(Records excerpted from a collection)
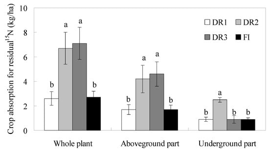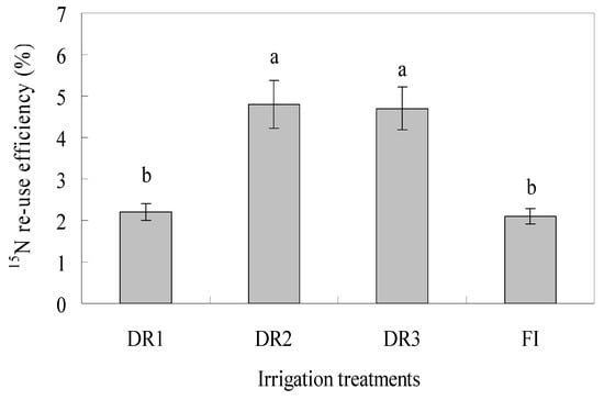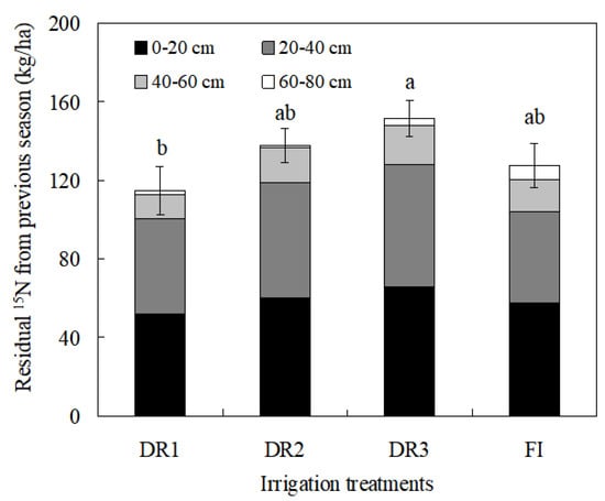 The amount of soil residual 15N from the previous season and its distribution in different soil layers (DR1, DR2, and DR3 mean the lower irrigation limits of 75%, 65%, and 55% accounting for the field capacity, separately. FI represents furrow irrigation treatment using the same irrigation regime as DR2. The data in the Figure are mean ± SD. The different letters (a, b) indicate significant differences at the level of 0.05 according to Duncan’s multiple range test).
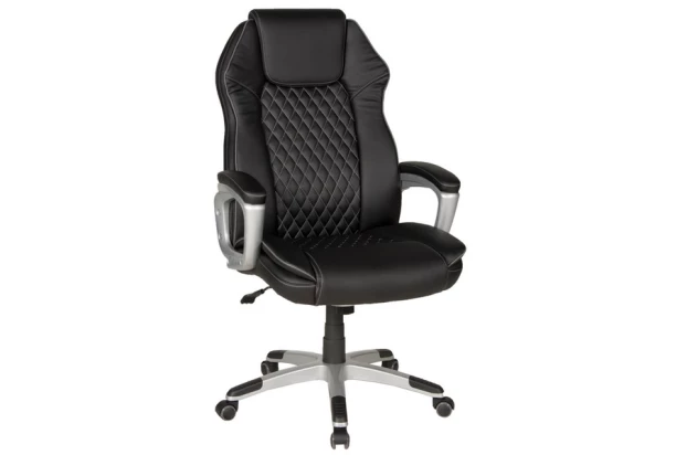 Moderné kancelárske kreslo z čiernej ekokože má zaoblené podrúčky, priestranný sedák a vysoké operadlo v príjemne anatomickom tvare. Moderný design dopĺňa deko prešiv poťahu. Oceníte tiež vysokú nosnosť kresla.
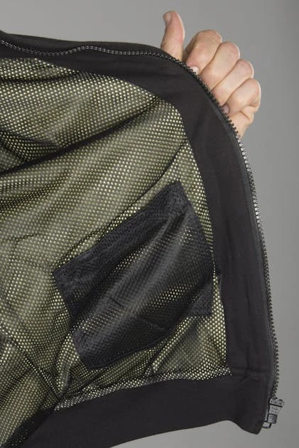 • Tasche per poter inserire protezioni su gomiti e spalle (protezioni incluse)
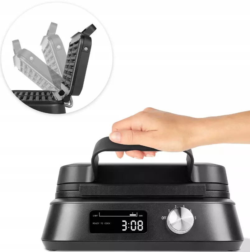 - Регулировка мощности - 5-ступенчатая регулировка интенсивности выпечки для идеальной хрустящей корочки вафель
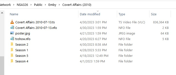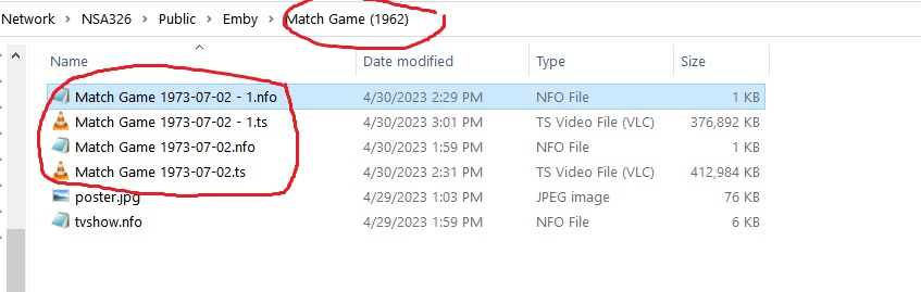 csadoian 36 Posted May 1, 2023 Author Posted May 1, 2023 1 hour ago, Luke said: Hi, did these end up getting an episode number via internet metadata after the recording had completed? The ones I recorded yesterday and referred to in my posting are gone now, we watched and deleted them. However, this morning two more recorded and I see one of them got an episode number, but the other didn't. However, they were listed a bit different in the guide as opposed to two other airing of this show that occur later in the day. I can't go back to this morning, but tomorrow on the early airings when I bring up the detail for the program while in the grid guide, just under the title it displays "104 M15+". In the later airing all it shows in this area is TV-PG. A better example would be the program "Covert Affairs". It will air today at 2pm on my local 43.10 (StartTV). No season/episode is given in the listing, but right under the title it show "Repeat 14". When it records, Emby will put it in the folder "Covert Affairs", but not in a Season folder. It will give it the filename "Covert Affairs 2010-07-20.ts" (I'm guessing at the date, Emby has not recorded it yet). Emby will generate a corresponding nfo file. What's also interesting is this episode will NOT show up in my recordings list no matter where I look. The reason I know it records is I actually open up the Covert Affair file folder using Windows Explorer. I've been recording the series for quite a while, so each day I use Windows Explorer to find the episode, identify the Season/Episode number and rename the file accordingly (i.e. "Covert Affairs S01E10". I delete the .nfo file and move the newly rename file into it's proper season folder and within a few minutes Emby will pick it up and generate a new .nfo and the Episode will appear in the recordings list. I will attach a screenshot of the folder for the episode recorded yesterday and the corresponding .nfo file Emby generated (I have not moved/renamed the episode yet). At this point this episode is invisible to Emby. Note the nfo file attached to this episode has a description that basically describes the season in general, and not the episode. Covert Affairs 2010-07-13.nfo

How to complete this task: Would you mind repeating the records above exactly, without the pictures?

Answer below:
 The amount of soil residual 15N from the previous season and its distribution in different soil layers (DR1, DR2, and DR3 mean the lower irrigation limits of 75%, 65%, and 55% accounting for the field capacity, separately. FI represents furrow irrigation treatment using the same irrigation regime as DR2. The data in the Figure are mean ± SD. The different letters (a, b) indicate significant differences at the level of 0.05 according to Duncan’s multiple range test).
 Moderné kancelárske kreslo z čiernej ekokože má zaoblené podrúčky, priestranný sedák a vysoké operadlo v príjemne anatomickom tvare. Moderný design dopĺňa deko prešiv poťahu. Oceníte tiež vysokú nosnosť kresla.
 • Tasche per poter inserire protezioni su gomiti e spalle (protezioni incluse)
 - Регулировка мощности - 5-ступенчатая регулировка интенсивности выпечки для идеальной хрустящей корочки вафель
 csadoian 36 Posted May 1, 2023 Author Posted May 1, 2023 1 hour ago, Luke said: Hi, did these end up getting an episode number via internet metadata after the recording had completed? The ones I recorded yesterday and referred to in my posting are gone now, we watched and deleted them. However, this morning two more recorded and I see one of them got an episode number, but the other didn't. However, they were listed a bit different in the guide as opposed to two other airing of this show that occur later in the day. I can't go back to this morning, but tomorrow on the early airings when I bring up the detail for the program while in the grid guide, just under the title it displays "104 M15+". In the later airing all it shows in this area is TV-PG. A better example would be the program "Covert Affairs". It will air today at 2pm on my local 43.10 (StartTV). No season/episode is given in the listing, but right under the title it show "Repeat 14". When it records, Emby will put it in the folder "Covert Affairs", but not in a Season folder. It will give it the filename "Covert Affairs 2010-07-20.ts" (I'm guessing at the date, Emby has not recorded it yet). Emby will generate a corresponding nfo file. What's also interesting is this episode will NOT show up in my recordings list no matter where I look. The reason I know it records is I actually open up the Covert Affair file folder using Windows Explorer. I've been recording the series for quite a while, so each day I use Windows Explorer to find the episode, identify the Season/Episode number and rename the file accordingly (i.e. "Covert Affairs S01E10". I delete the .nfo file and move the newly rename file into it's proper season folder and within a few minutes Emby will pick it up and generate a new .nfo and the Episode will appear in the recordings list. I will attach a screenshot of the folder for the episode recorded yesterday and the corresponding .nfo file Emby generated (I have not moved/renamed the episode yet). At this point this episode is invisible to Emby. Note the nfo file attached to this episode has a description that basically describes the season in general, and not the episode. Covert Affairs 2010-07-13.nfo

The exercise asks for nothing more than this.